Andrew (Andrew von Urtz) is the kind of guy who tries to pick up women at bars by telling them he’s written a script and thinks they would be perfect for a role, and whose excuse for bailing out on a date is: “You’re not gonna believe this, I sprained my ankle.” Loveless follows this middle-aged bachelor with a dead-end job and a filmmaking dream as he reconnects with old flames and gets clumsily involved with new ones, including Ava (Genevieve Hudson-Price), an attractive young woman in a bizarre kinship cult that has some of her non-biological “family” stalk Andrew inexplicably.

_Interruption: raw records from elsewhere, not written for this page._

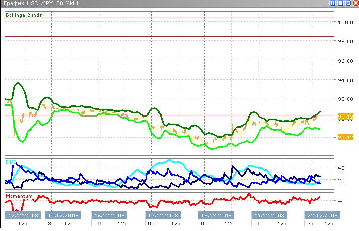 колеблясь уже некоторое время вблизи уровня 90.00. Шестидневный максимум usd против йены был достигнут на уровне 90.09. В краткосрочном периоде преобладает восходящий слабый тренд, который продолжает ослабляться, так как кривая DI+ по всей видимости какое-то время будет ползти вниз. Скорость роста при этом не так уж мала, особенно по сравнению с остальными парами на сегодня, и составляет приблизительно +0.65. Если пара продолжит расти, то линия поддержки, видимо, останется на 89.80, а линией сопротивления может оказаться уровень 90.4.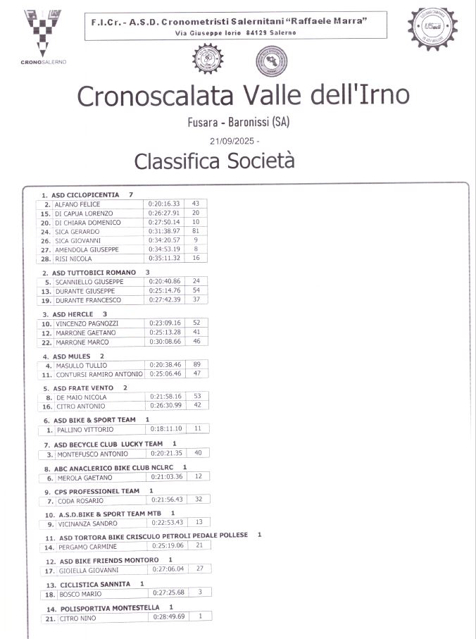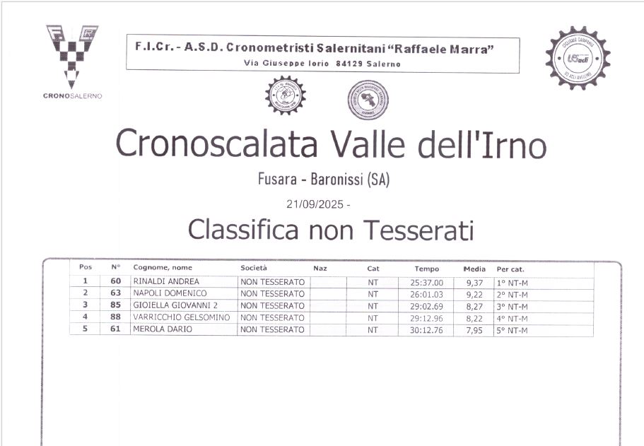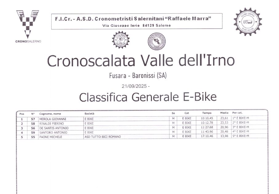 CRONOSCALATA VALLE DELL'IRNO FESTA DELLA MONTAGNA IN MTB - E BIKE
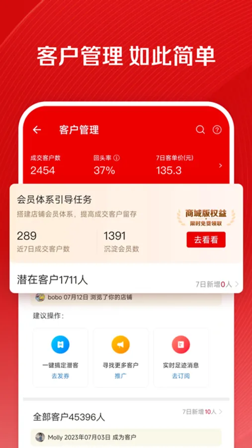 客户精细化分群、客户人群运营、全店自动推券、会员周期升级、会员场景营销升级、人群画像,多种运营工具,助力商家智能运营客户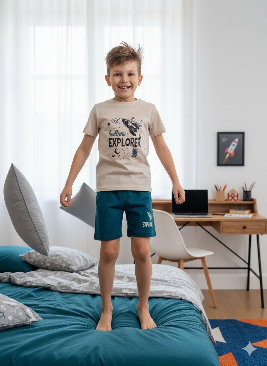 Kids Boys Set Beige/Teal Blue
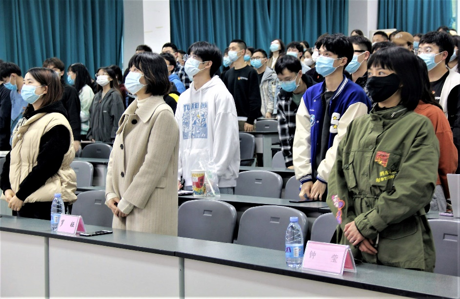 全体同学在主持人带领下齐唱团歌,倾听青马学员分享,了解优秀青马学员事迹,并展示了支部同学微团课学习成果。同学还观看了《把握机遇,奋进青春》微视频,团日活动的气氛逐渐热烈起来。随后,同学们开展了“百年正青春,奋斗新征程”活动串烧,以新闻联播的形式,在两位广播员的带领下,观看了国旗下演讲,分享了青春志愿故事。接着以知识问答的形式,帮助全体同学温习团史知识。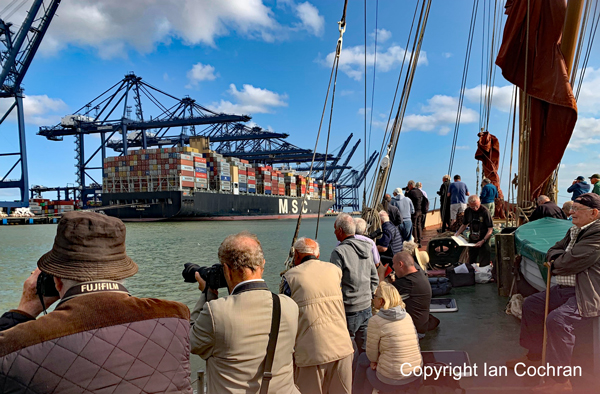 By the time the Breb Star had departed, It was time to board our vessel for the day, the Thistle. She was built in 1895 at Port Glasgow and is the oldest surviving iron hulled sailing barge still sailing. From 1940 she was trading for the London and Rochester Trading Company. She continued trading until 1972 and then passed through several owners until she was restored in Greenwich in 1987. She is a fine vessel with plenty of open deck space and ideal for a TSS cruise. We set off and headed for the River Orwell up to Ipswich. On the way we passed the large containership MSC Maria Saveria at the Trinity Container Terminal, Felixstowe. We were fortunate to photograph her on the way up the river as she had departed for Rotterdam by the time we returned from Ipswich.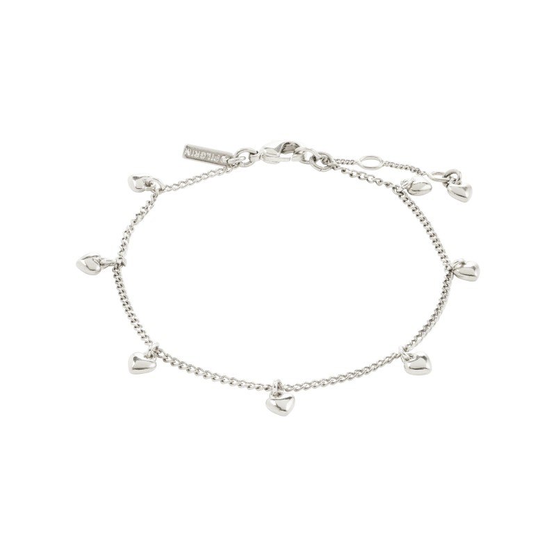 Slankt sølvbelagt curb chain armbånd med otte tiny hjertevedhæng, der skaber et cute romantic look. De små hjerter tilfører et playful touch til dit outfit og gør armbåndet perfekt til både hverdag og særlige moments. Brug det alene for et delikat statement eller mix med flere armbånd for en trendy stacked vibe. Dit nye go-to piece for effortless romance! Fremstillet af 99% genanvendt materiale med kærlighed til planeten.

Loveless feels very much like a botched Arnaud Desplechin film that could only have worked had it starred Mathieu Amalric and if its dialogue were less mumblecore pseudo-realism, more Pascal over wine at My Night at Maud’s. The figure of the neurotic and awkward unsuccessful man whose charm lies in his own gaucheness finds its allure when backed by the kind of cinematographic elegance and philosophical insight that is lacking here. While there seems to be a nod to the French cinematic tradition of seductive, suit-wearing womanizers, the narrative writer-director Ramin Serry has come up with feels mostly inconsequential. If there is one thing that European cinema has repeatedly shown us is that there’s enough drama in the everyday. Loveless adds unnecessary detail to a mis-en-scène already filled with enough randomness and complexity. Ava is part of a cult-like system of kinship: her “brothers” keep showing up wherever Andrew is to put him in embarrassing situations, and they later want to finance Andrew’s film script, but only if he makes another film that the brothers wrote first; then Andrew’s girlfriend gets upset because he now has to cast Ava in the films. (It was all so much nicer and captivating when Andrew and his friends were sipping wine by the pool.)

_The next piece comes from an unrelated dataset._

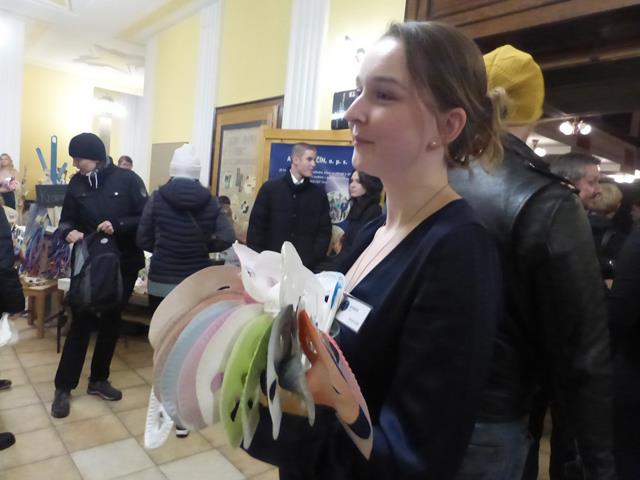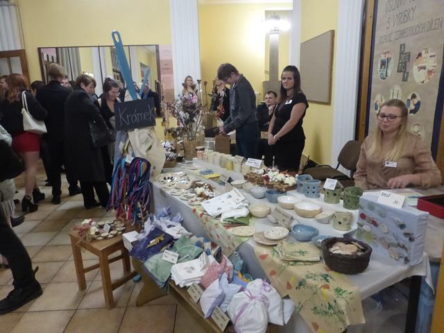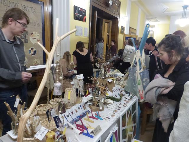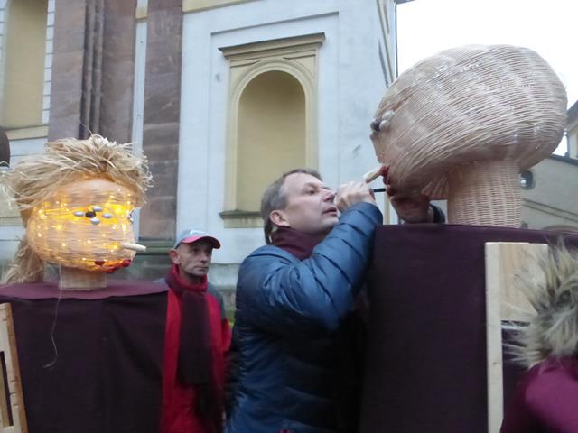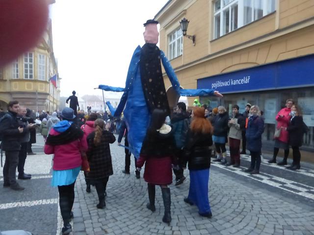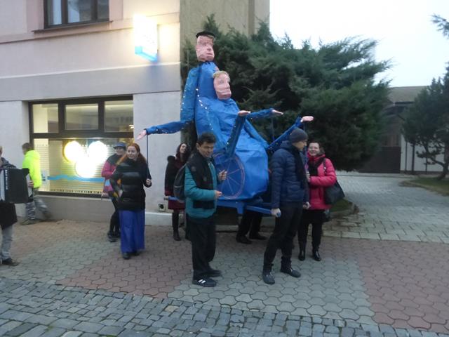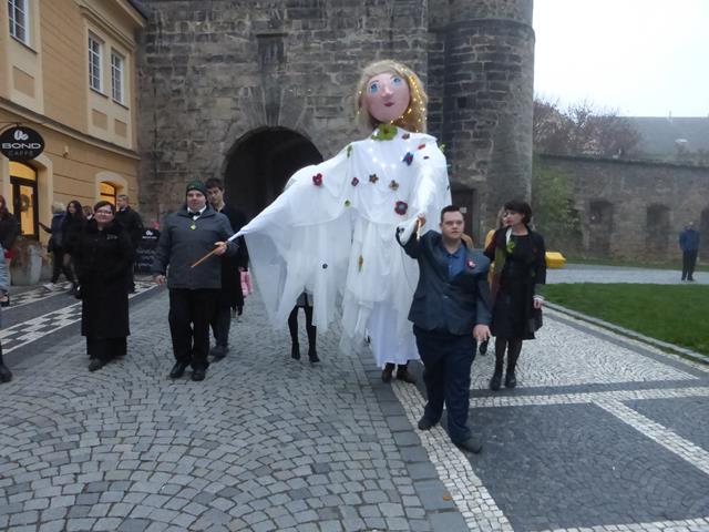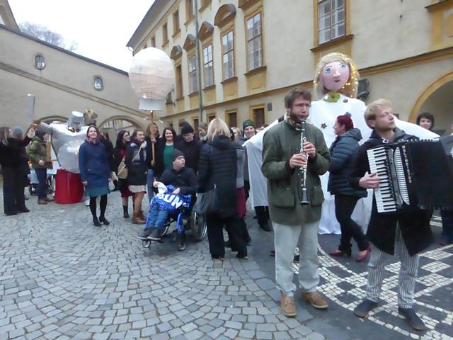 Džentlmen a spíkr, vedoucí průvodu, Kuba na cestě celé to dlouhé hemžení zastavil. Opakovaně jejich jména přečetl a vysvětlil. Defilé bylo i před Masarykovým divadlem. Pak všichni rádi dovnitř do tepla, bál může začít. Ale ještě zastavení hostů u obchůdku. Dýňová marmeláda vyrobená v dílně Apropa, péefky a jmenovky na dárky, šiškový skřítek, náramek z pecek, ovečka z vlny, a další. Chráněné dílny samozřejmě potřebují na materiál. Dárky vkusné, příhodné.

With its twitchy camerawork and offbeat main character, the film can resemble both The Office and Woody Allen’s best work at times. But its aesthetic and narrative references feel gratuitous and flat, as Loveless can never match the sensibility of its cinematic muses. It even wastes taking a meta reference to Godard’s Contempt further when Ava is sitting in bed asking the guy in the room if she is a good-enough-this, a good-enough-that, like the canonical Brigitte Bardot scene in which she fishes for compliments on her every womanly body part.